Epoll vs. Io_uring in Linux
Key takeaways
- It was super simple, worker-based, and it basically worked well.
- When I just started developing for Linux, epoll was a new feature, and basically it had no alternatives.
- The kernel consumes submissions from memory shared between your app and the kernel, and posts completions back into that same shared memory - both live in ring buffers, hence the name.
First, I want to tell you how exactly I got to this point and why I started researching different options for handling asynchronous I/O on Linux… Last year, my students and I built a reverse proxy server called Tiny Gate. It was super simple, worker-based, and it basically worked well. Of course, I didn t expect it to be very fast, but it was an educational project, and since we d made a real, kind of production-ready tool, I was really proud of it. But my students weren t as happy as I was - they wanted to build something genuinely useful, and they were really disappointed that our product had strong architectural limits and couldn t outperform titans like nginx and haproxy. So they literally forced me to research together how those tools work under the hood and how to handle asynchronous I/O to cut down on the heavy overhead… Long story short, we made a second version of TinyGate, based on epoll. It still lost to nginx/haproxy in benchmarks, but it had a dramatic performance boost compared to the first version. But epoll isn t perfect either (as I ll explain below), and we eventually switched to io_uring, which led to a full rewrite of our project from scratch, again… So it s a really interesting topic, and today I ll share an overview of the two queueing systems Linux gives you for asynchronous I/O.
When I just started developing for Linux, epoll was a new feature, and basically it had no alternatives.
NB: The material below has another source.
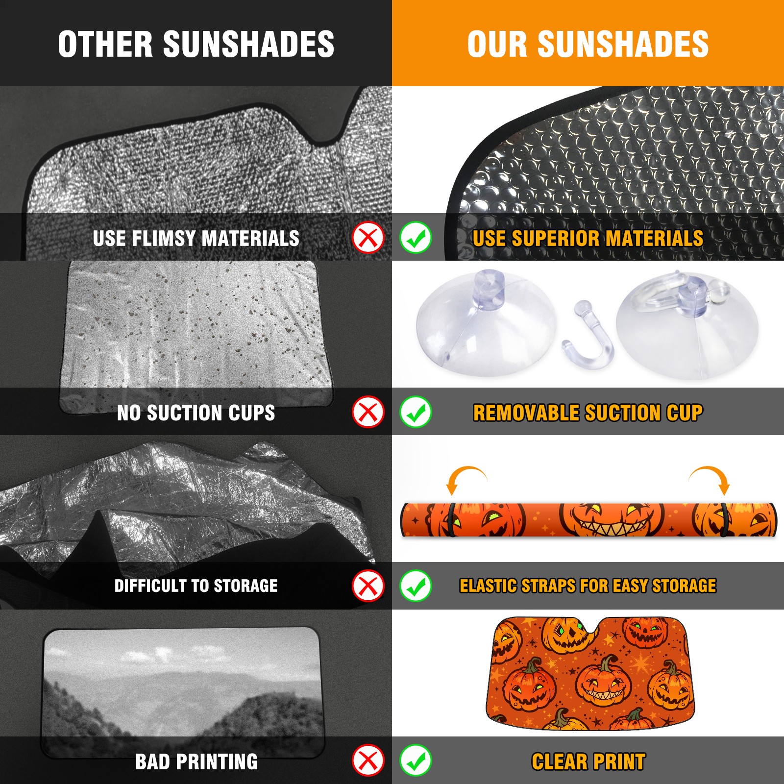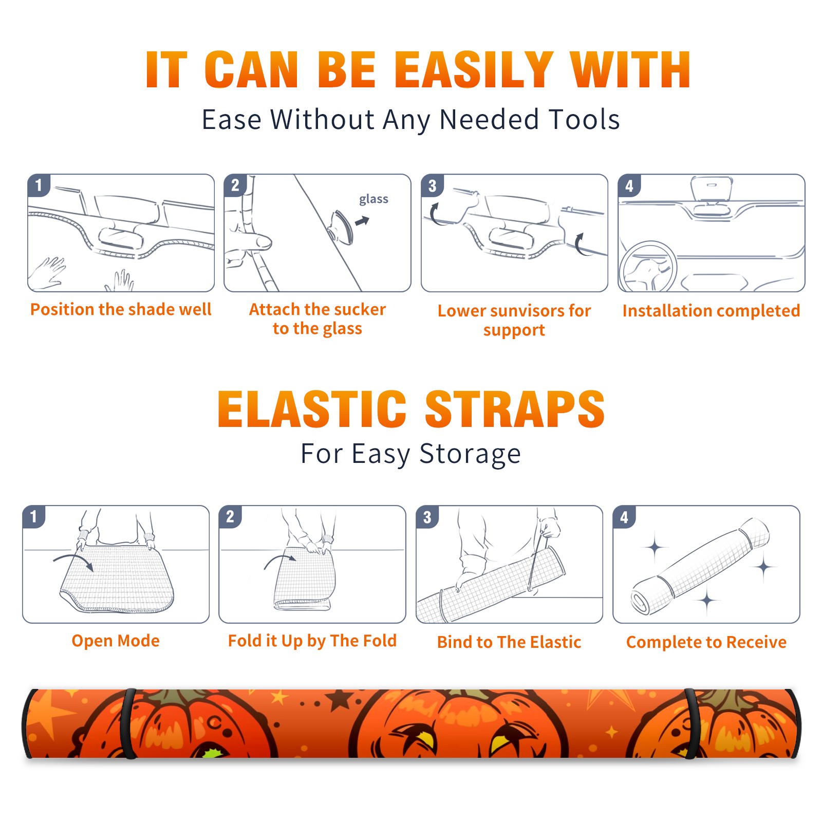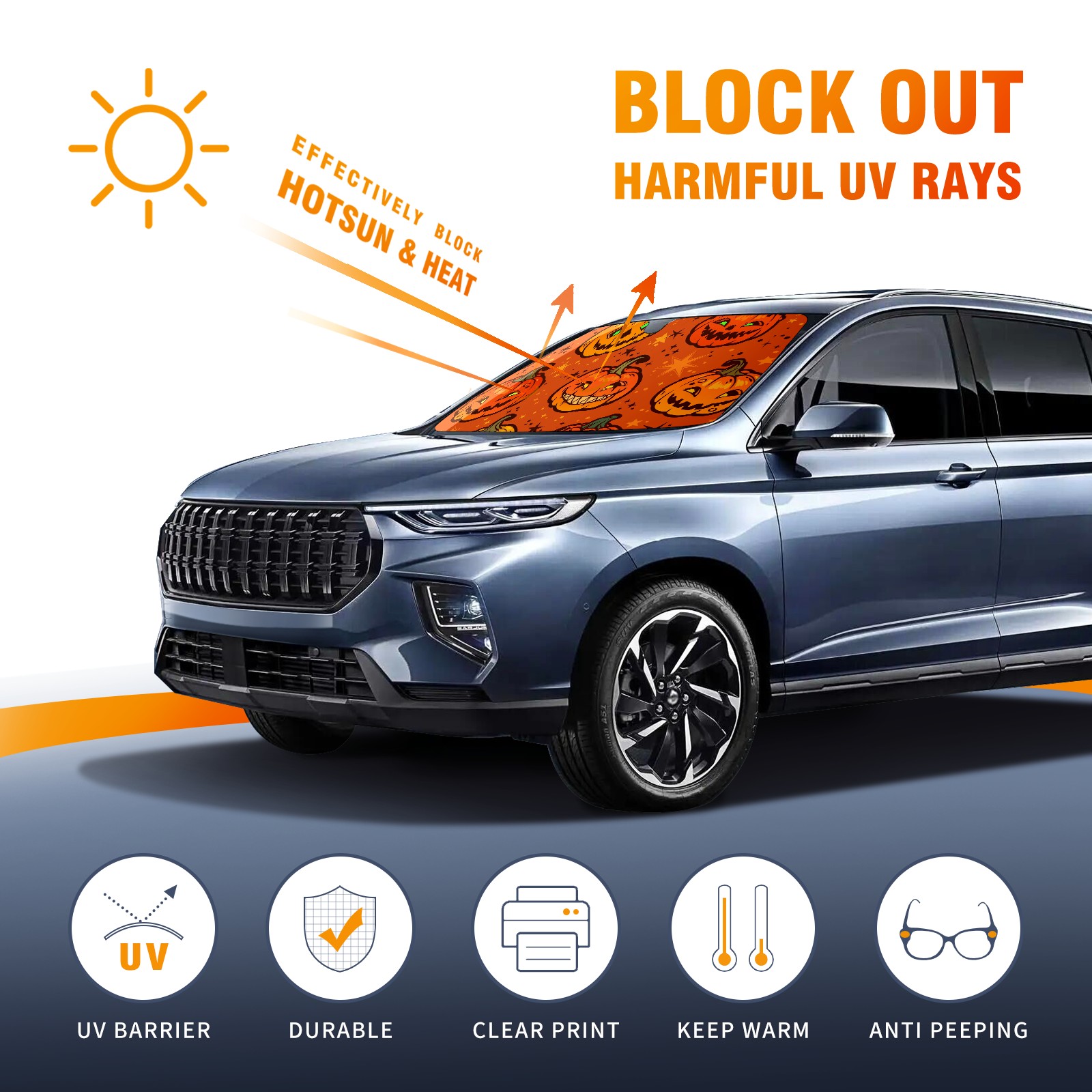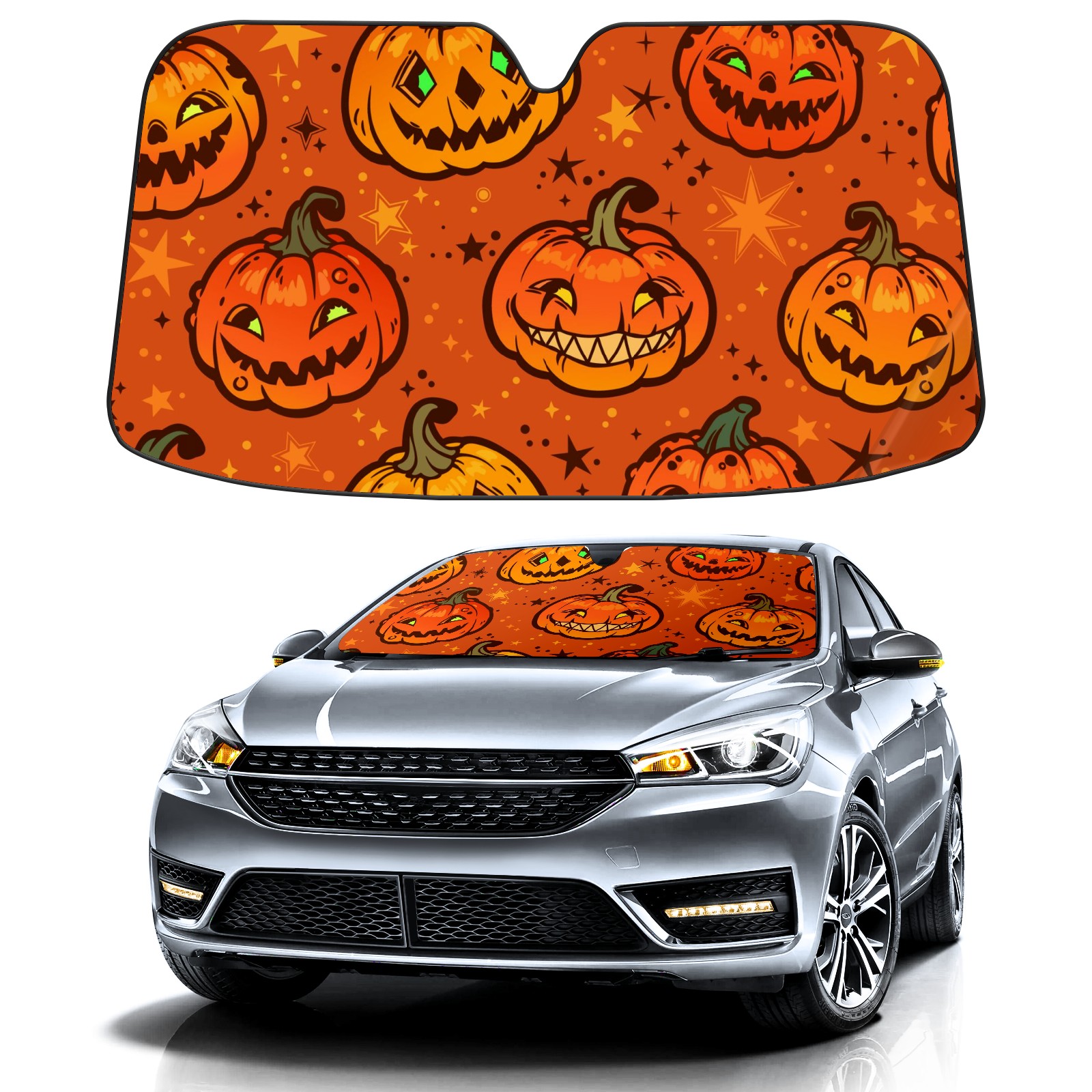 Car Windshield Sun Shade For Front Window Orange Halloween Pumpkins Stars Foldable Vehicle Windshield Car Sun Visor Covers Automotive Window Protector Car Camping Privacy Sun Blocker

Everyone used it to manage asynchronous execution - there was no other choice. The problem is, epoll relies heavily on syscalls: it tells you when I/O is possible, but you still have to call read()/write() yourself afterward - that s two syscalls per I/O event, on top of the one-time epoll_ctl registration. Each of these syscalls causes a context switch between user and kernel mode, which creates HUGE overhead once you re handling a lot of connections. But we have a solution! About 17 years after epoll landed in the Linux kernel (2002), io_uring appeared (2019)! Instead of telling you when I/O is possible, it tells you when I/O is done - no polling loop, and far less associated syscalls.
The kernel consumes submissions from memory shared between your app and the kernel, and posts completions back into that same shared memory - both live in ring buffers, hence the name. The catch: by default you still have to call io_uring_enter() to tell the kernel go check the submission queue - but one call can submit a whole batch of operations and reap a whole batch of completions, instead of one syscall pair per operation like with epoll + read. If you want close to zero syscalls during steady state, there s IORING_SETUP_SQPOLL, which spins up a dedicated kernel thread that polls the submission queue for you - at the cost of that thread burning CPU (more on this below).